Neste 19 de abril, Dia Nacional dos Povos Indígenas, eu falo não apenas por mim, mas por muitos parentes que seguem resistindo nesta terra chamada Brasil. Em pleno Abril Indígena de 2026, ainda precisamos lutar pelo básico: respeito, espaço e reconhecimento.

Nós, povos indígenas, não queremos favor. Queremos direito. Direito de mostrar nossas artes plásticas, nossas indumentárias, nosso artesanato, nossas cerâmicas, nossos poemas, nossas composições e nossos saberes ancestrais. Queremos lugares onde possamos compartilhar aquilo que carregamos há milhares de anos: nossa cultura viva.

Nossa fitoterapia, por exemplo, é riquíssima. Muitos de fora reconhecem esse valor e nos procuram para aprender. Enquanto isso, dentro do próprio Brasil, ainda há quem duvide, desmereça ou ignore o conhecimento indígena. Isso precisa mudar.

Também me entristece ver que muitos espaços que guardam a memória ancestral continuam fechados ou distantes de nós. Lugares onde há grafismos, arte rupestre e marcas de nossos povos deveriam ser locais de reverência e estudo, não de exclusão. Como pode o indígena ser impedido de contemplar a própria história?

Em Goiás, terra dos Kayapó do Sul e de tantos outros povos, ainda existe muito a ser reconhecido. O Brasil precisa entender que nossa história não começou em 1500. Quando os colonizadores chegaram, nós já estávamos aqui. Já cuidávamos das águas, dos cerrados, das matas e da vida.

Nós somos os primeiros guardiões desta terra. E seguimos sendo.

Enquanto muitos enxergam progresso na destruição, nós sabemos que não existe futuro sem rio limpo, sem floresta em pé, sem respeito aos animais e sem equilíbrio espiritual.

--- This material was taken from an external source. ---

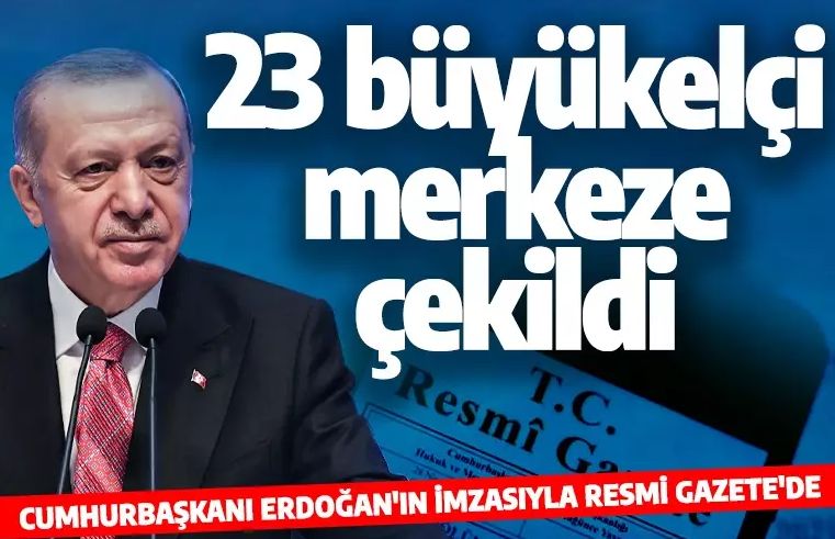 Cumhurbaşkanı Recep Tayyip Erdoğan'ın imzasıyla 23 dış temsilcilikteki Büyükelçi merkeze alınırken, 25 dış temsilciliğe yeni Büyükelçilerin atanmasına ilişkin Cumhurbaşkanı Kararı Resmi Gazete’de yayımlandı.Karara göre, aralarında Finlandiya ve İsveç büyükelçilerinin de yer aldığı 23 büyükelçi merkeze çekildi. Büyükelçiliklere yeni atamalar gerçekleştirilirken, Finlandiya Büyükelçiliği'ne Yurt Dışı Tanıtım ve Kültürel İşler Genel Müdürü Deniz Çakar, İsveç Büyükelçiliği'ne ise İkili Siyasi İşler Genel Müdürü Yönet Can Tezel getirildi.

O que chamam de modernidade, muitas vezes, destrói aquilo que sustenta a vida.

Neste 19 de abril, eu digo ao Brasil: não basta fazer homenagens. É preciso garantir políticas públicas, proteger territórios, valorizar a educação indígena e ouvir nossas lideranças.

Nós existimos. Nós resistimos. Nós não desistimos.

E se este país quiser realmente honrar sua grandeza, precisa aprender a reconhecer aqueles que primeiro chamaram esta terra de lar.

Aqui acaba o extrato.